The third volume of The Cambridge History of Russia provides an authoritative political, intellectual, social and cultural history of the trials and triumphs of Russia and the Soviet Union during the twentieth century. It encompasses not only the ethnically Russian part of the country but also the non-Russian peoples of the tsarist and Soviet multinational states and of the post-Soviet republics. Beginning with the revolutions of the early twentieth century, chapters move through the 1920s to the Stalinist 1930s, World War II, the post-Stalin years and the decline and collapse of the USSR. The contributors attempt to go beyond the divisions that marred the historiography of the USSR during the Cold War to look for new syntheses and understandings. The volume is also the first major undertaking by historians and political scientists to use the new primary and archival sources that have become available since the break-up of the USSR.

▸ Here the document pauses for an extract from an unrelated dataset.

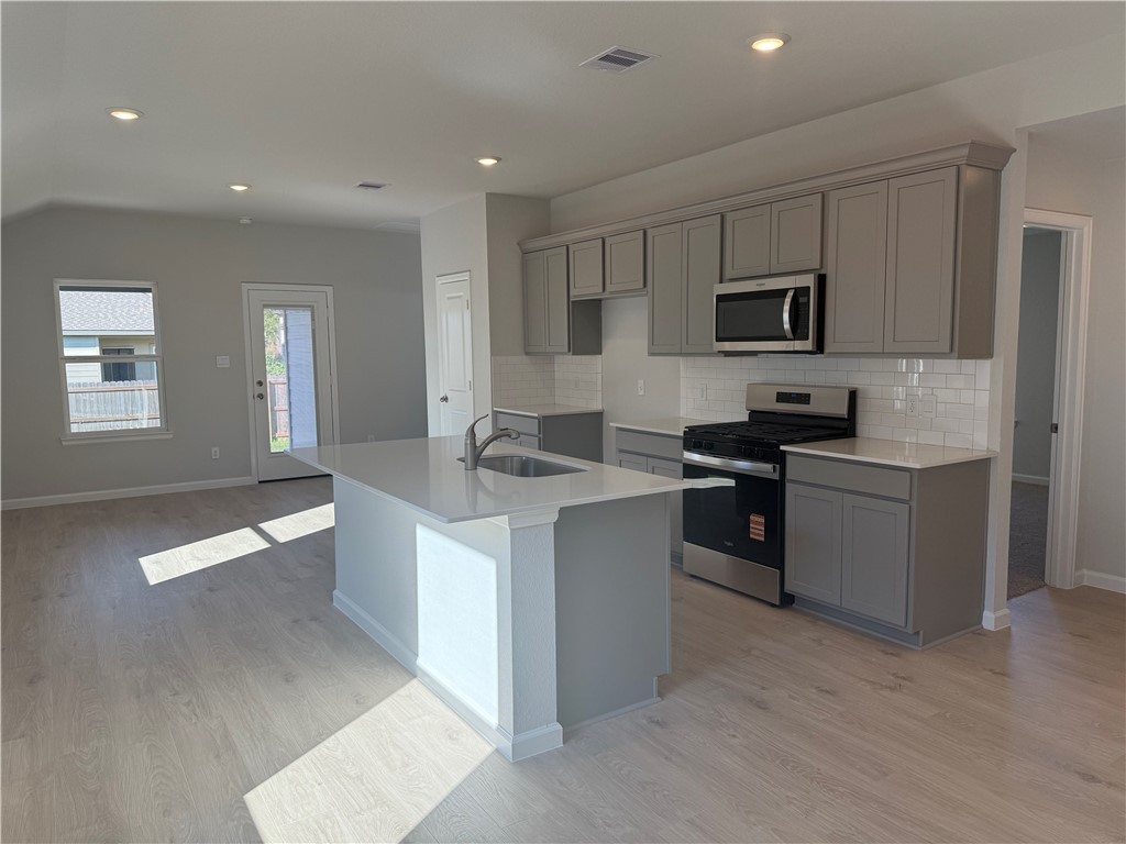 The Brooke is a single-story, 3-bedroom, 2-bathroom home that features approximately 1,391 square feet of living space. This home has an open entrance leading to the large living room open to the kitchen and dining room. The kitchen features a large breakfast bar and pantry. Our homeowners can enjoy the oversized main bedroom with a large walk in closet and spa-like bathroom. Additional modern finishes include subway tile backsplash, quartz countertops and stainless-steel appliances.

Ronald Grigor Suny is the William H. Sewell Jr. Distinguished University Professor of History at the University of Michigan and professor emeritus of political science and history at the University of Chicago.
Ronald Grigor Suny's long introduction to this book about the Western approaches to the history of 20th century Russia is a masterpiece in historical methodology.
A who's who of the 20th century Russian / Soviet studies, with some diversity of approaches and material but generally high level - both of scholarship and the viewpoint (i.e., no minor case studies here). Helpful bibliography.